Split brain conditions must be evaluated from the point of view of who
should be the source of authority in a distributed system.
In this case, it is the set of Sentinel instances, so as long as there
is no split-brain condition in the Sentinels themselves, the split
brain condition you see in the Redis instances is not a problem
because of the Sentinel property to always (with a delay) set the
logical configuration as the instances configuration.
> The sequence described above is not imaginary. I've actually seen this
> exact situation during my tests, it is very real, and what I really want is
> to find a way to prevent repeating this in production.
Probably what you observed is what I described in the previous email?
That's definitely possible.
1) A failover starts.
2) The Sentinel sends SLAVEOF NO ONE to the slave.
3) The Sentinel gets killed before getting the acknowledge.
4) The Sentinel restarts with the old config (which is correct since
the previous failover was not technically finished, and the Sentinel
never advertised the new master).
At this point you have two masters if you check the instances, but for
Sentinel the master is still the old one.

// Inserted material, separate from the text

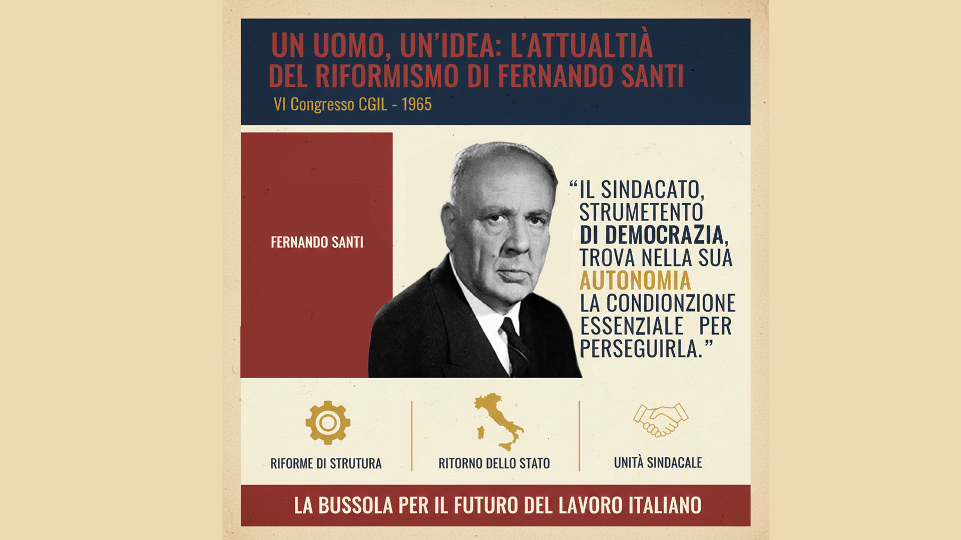 Il discorso di commiato di Fernando Santi dalla CGIL, svolto nel 1965 durante il VI Congresso nazionale, riassume perfettamente la sua concezione del sindacato: uno “strumento naturale di democrazia” che trova nella sua autonomia la condizione essenziale per perseguirla.

After some time (8 seconds, which is, four times the configuration
broadcasting period) it should detect that one of the slaves is
misconfigured, and reconfigure it accordingly, if this does not happen
there is a bug.
All this, of course, in Sentinel >= 2.8.
Sentinel shipped with 2.6 is broken and deprecated. Actually in the
latest 2.6 branch it is a dummy binary that warns you to use 2.8.
> So far it seems that sentinel is able to change (and actually save on
> disk) configuration of an instance (master or slave), but does not change
> it's own configuration. Is that correct?
Yes and no. It does not save the new configuration on purpose, because
it still did not received the acknowledge.
But here what is interesting is that, it saves the updated
configuration (with fsync) always *before* of advertising the new
configuration to clients and other Sentinels.
If it is not able to get the ack, it will reconfigure the new master
again back to slave.
If this does not happen, than there is a bug in the implementation,
but the designed semantics is very clear, the problem is if you find a
case where because of an implementation bug things does not work as
expected.
I'm trying to reproduce right now. Thanks for posting, it is vital
that we try to remove all the bugs in order to end with a system that
acts like the specification claims.
Salvatore